Versuchter Betrug ?

  • Auch wenn man das als Rechtsanwalt einer Angestellten überantwortet, sollte doch bei der Kontrolle von Buchhaltung sowie Kontoauszügen/Online-Banking irgendwann auffallen, dass die Zahlungseingänge nicht kongruent zum Aktenbestand sind (wenn ich viele BerH-Mandate habe, gibt es viele Gutschriften um € 100,00 aus der Landeskasse).

    Nun, wenn er denn kontrolliert, fällt es möglicherweise auf. Wenn er nur schaut, wie hoch der Kontostand ist, wird es schwierig. Wenn es viele Akten sind und der Anwalt blind unterschreibt, eher nicht. Und wenn sich die Angestellte noch viel Mühe bei den Kontoauszügen gibt...

    edit: falsches Wort ausgetauscht

  • Mal vom Strafverfahren abgesehen. Wenn ich das richtig verstanden habe, sind in großem Umfang zu Unrecht Beratungshilfevergütungen aus der Staatskasse ausgezahlt worden. Sollte nicht auch die Bezirksrevisorin/der Bezirksrevisor informiert werden, damit sie/er Erinnerung gegen die Vergütungsfestsetzungen einlegen kann, und dann die zu Unrecht vereinnahmten Gelder gem. § 1 Abs. 1 Nr. 8 JBeitrO zurück geholt werden können ?

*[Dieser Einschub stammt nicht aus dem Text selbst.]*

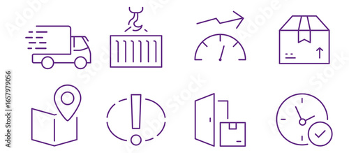 Naklejka premium Logistics and delivery icons representing tracking, speed, and efficiency.
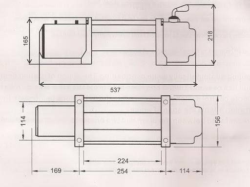 The winch dimensions, in full. I had serious trouble in getting an accurate set of measurements for the Tigerz winches - the same winch measured from 560mm to 620mm end to end depending on what you read. I've checked these with a measuring tape -they're goodIf you are mounting a winch between the chassis rails, regardless of manufacturer, these are the dimensions that you will have to work within.
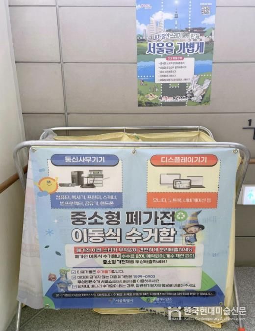 한국현대미술신문 배건 기자 | 서대문구는 생활폐기물 발생 감량과 자원순환 활성화를 위해 동주민센터와 공동주택 등 생활권 거점에 최근 ‘중소형 폐가전 전용 수거함’을 설치했다고 13일 밝혔다.
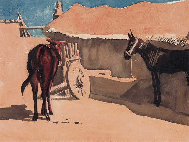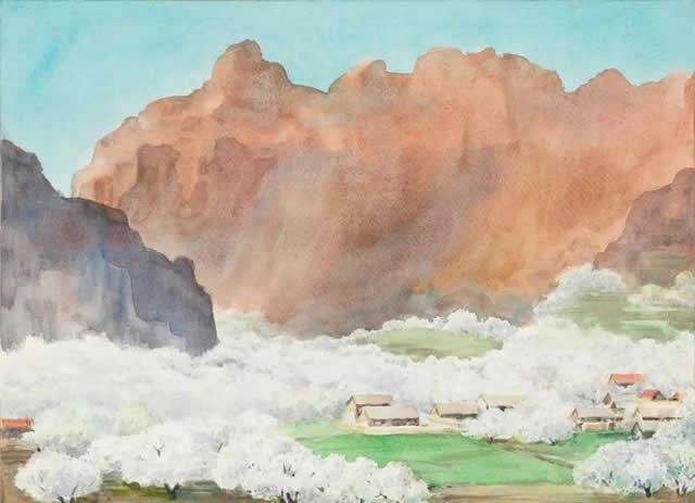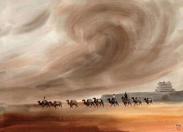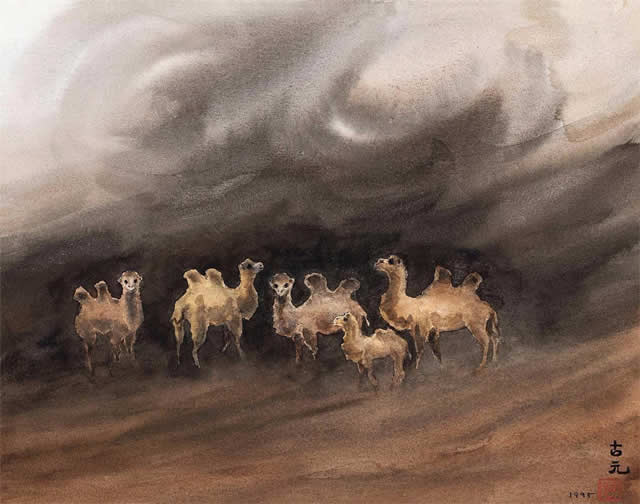 △春风吹过玉门关 古元 40cm×55cm 1990年代 水彩
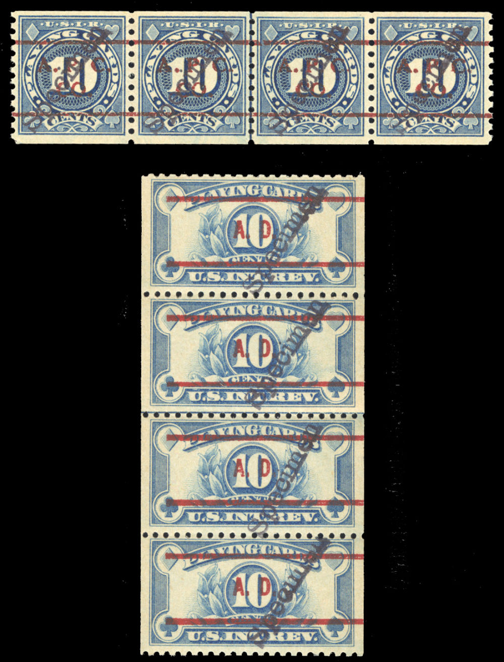 (RF20/23S) 1926-29 10c blue and 10c light blue, overprinted Specimen, horizontal or vertical joint line strips of four, n.h., 10c blue with gripper marks at right, v.f., each with 2014 PSE certificate, cat. $1,000
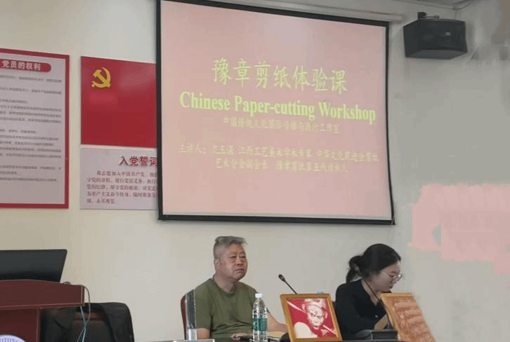 院长陆秀英出席活动,江西工艺美术学术专家、中华文化促进会剪纸艺术分会副会长、豫章剪纸第五代传承人沈玉谋主讲,2022级英语(国际贸易)专业学生和2024级留学生参加本次活动。活动由舒星老师主持。
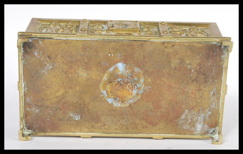A late 19th Century French Gothic Revival heavy brass or bronze ecclesiastical box having relief decoration depicting Medieval scenes in Gothic archways. The box with hinged lid raised on bracket feet. Measures 7cm high x 14.5cm width x 8cm deep.

  • Wenn ich das richtig verstanden habe, läuft dass alles im Betrugsverfahren. Erst wenn feststeht, wie hoch der Schaden wirklich ist, wird das zu unrecht ausgezahlte Geld im Wege des Strafverfahrens zurückgeholt. Wie das dann läuft weiß ich nicht. Aber ich lass mich gerne eines Besseren belehren.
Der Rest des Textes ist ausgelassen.